### [Problem]
Return, exactly as written, the lines of the material from its top through the line with "本网讯(文/中医系 张晓丽)", keeping pictures out.

### [Data for this task]

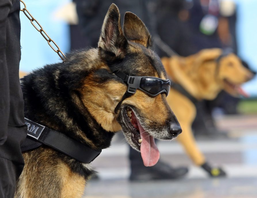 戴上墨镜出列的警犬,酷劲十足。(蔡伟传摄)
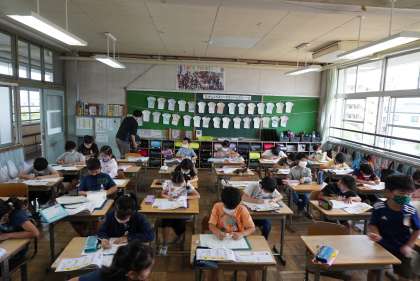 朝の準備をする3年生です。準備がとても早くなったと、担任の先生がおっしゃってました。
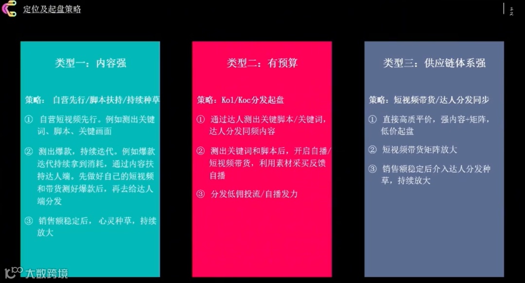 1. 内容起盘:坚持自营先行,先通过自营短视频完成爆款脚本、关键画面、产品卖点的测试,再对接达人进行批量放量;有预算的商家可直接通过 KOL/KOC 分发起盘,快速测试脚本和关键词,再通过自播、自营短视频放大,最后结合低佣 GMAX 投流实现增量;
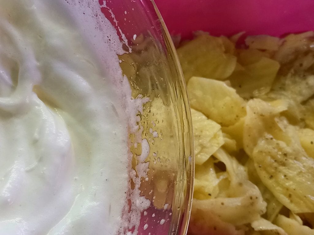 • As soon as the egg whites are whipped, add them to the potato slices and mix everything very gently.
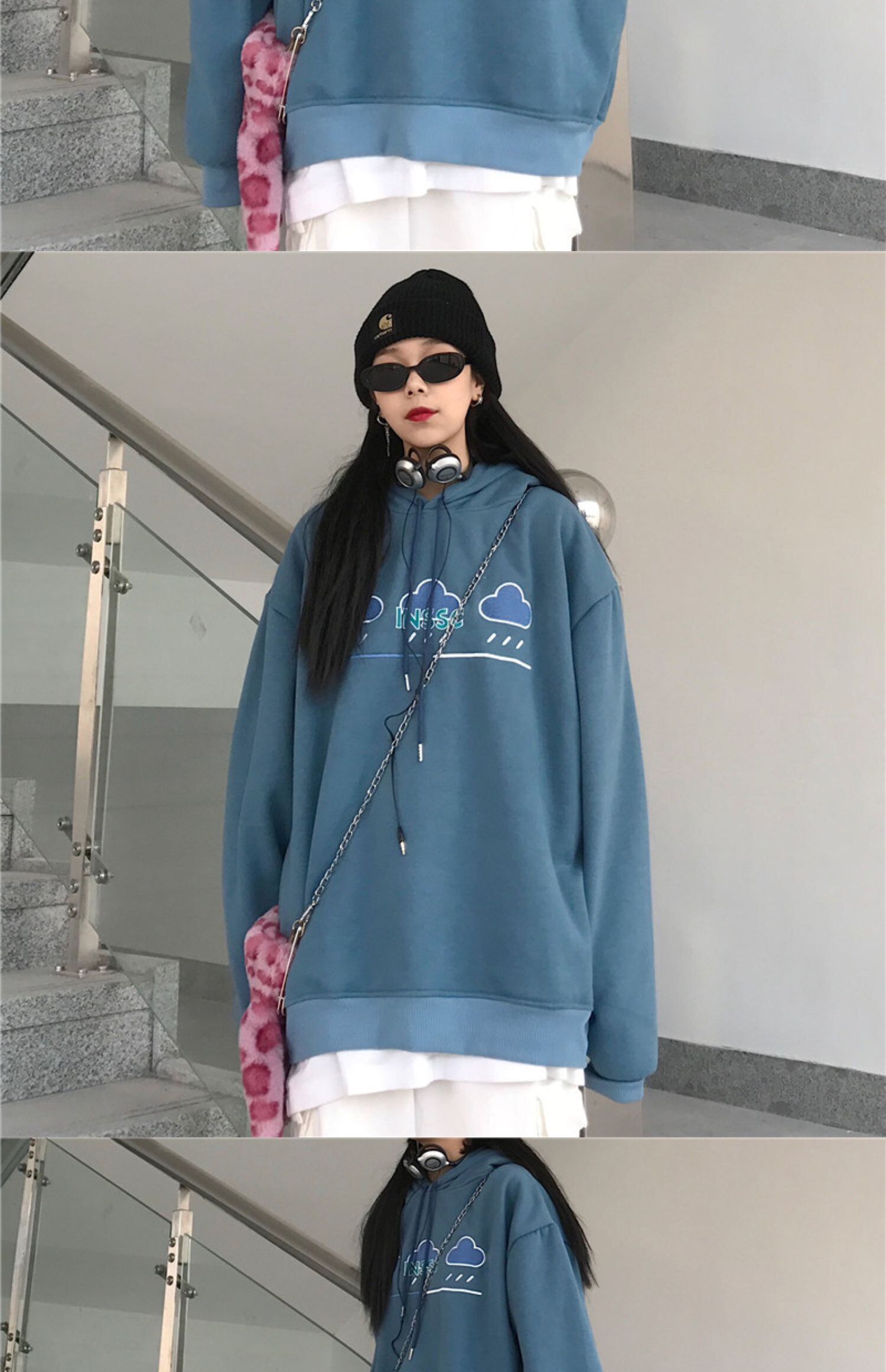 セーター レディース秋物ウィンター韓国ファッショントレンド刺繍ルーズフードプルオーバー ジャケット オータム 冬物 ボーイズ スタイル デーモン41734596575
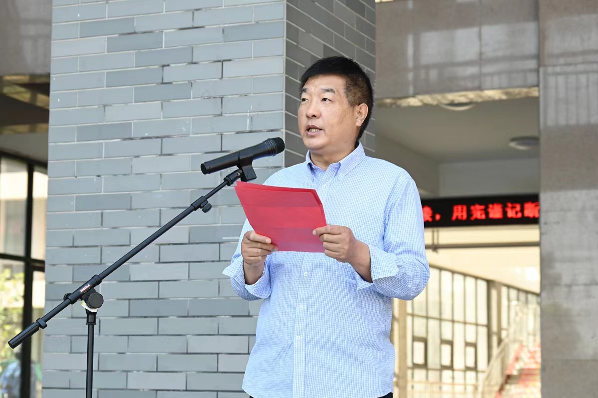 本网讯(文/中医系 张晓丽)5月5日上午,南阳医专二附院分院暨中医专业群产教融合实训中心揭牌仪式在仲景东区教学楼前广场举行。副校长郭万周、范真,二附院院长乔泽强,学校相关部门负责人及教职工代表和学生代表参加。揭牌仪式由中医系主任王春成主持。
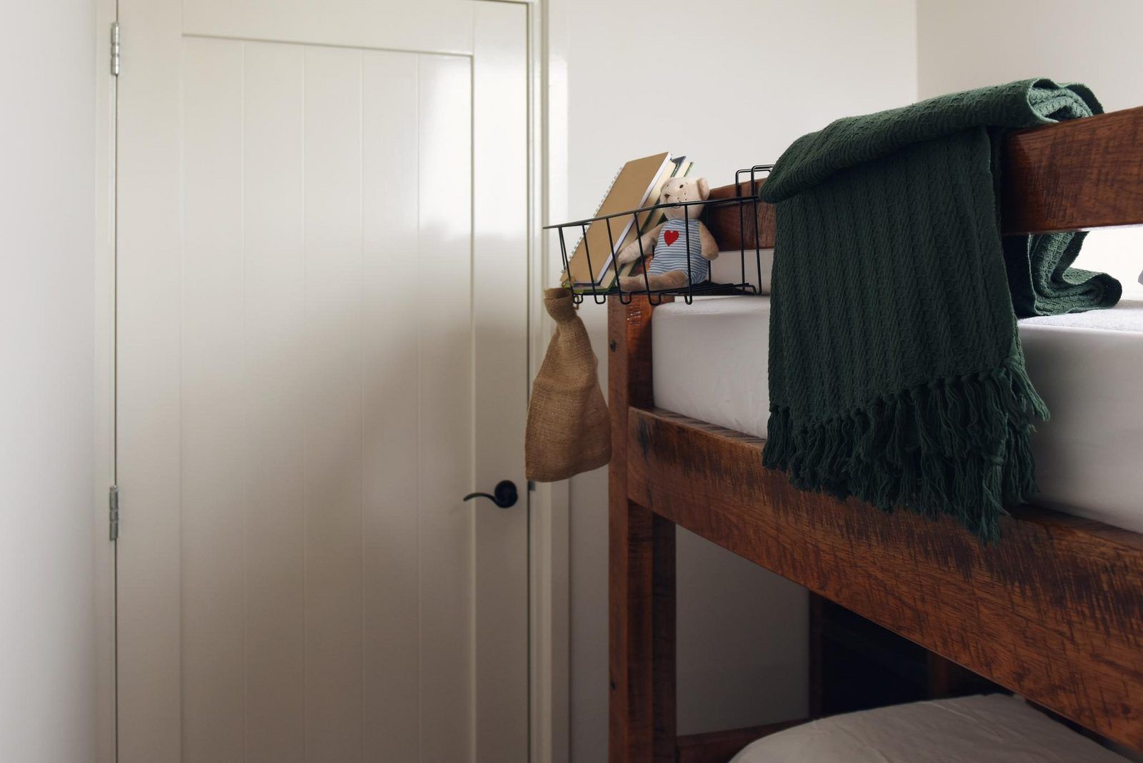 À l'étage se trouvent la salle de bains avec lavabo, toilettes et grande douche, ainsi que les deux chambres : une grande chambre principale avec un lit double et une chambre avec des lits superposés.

### [Task output]
 戴上墨镜出列的警犬,酷劲十足。(蔡伟传摄)
 朝の準備をする3年生です。準備がとても早くなったと、担任の先生がおっしゃってました。
 1. 内容起盘:坚持自营先行,先通过自营短视频完成爆款脚本、关键画面、产品卖点的测试,再对接达人进行批量放量;有预算的商家可直接通过 KOL/KOC 分发起盘,快速测试脚本和关键词,再通过自播、自营短视频放大,最后结合低佣 GMAX 投流实现增量;
 • As soon as the egg whites are whipped, add them to the potato slices and mix everything very gently.
 セーター レディース秋物ウィンター韓国ファッショントレンド刺繍ルーズフードプルオーバー ジャケット オータム 冬物 ボーイズ スタイル デーモン41734596575
 本网讯(文/中医系 张晓丽)5月5日上午,南阳医专二附院分院暨中医专业群产教融合实训中心揭牌仪式在仲景东区教学楼前广场举行。副校长郭万周、范真,二附院院长乔泽强,学校相关部门负责人及教职工代表和学生代表参加。揭牌仪式由中医系主任王春成主持。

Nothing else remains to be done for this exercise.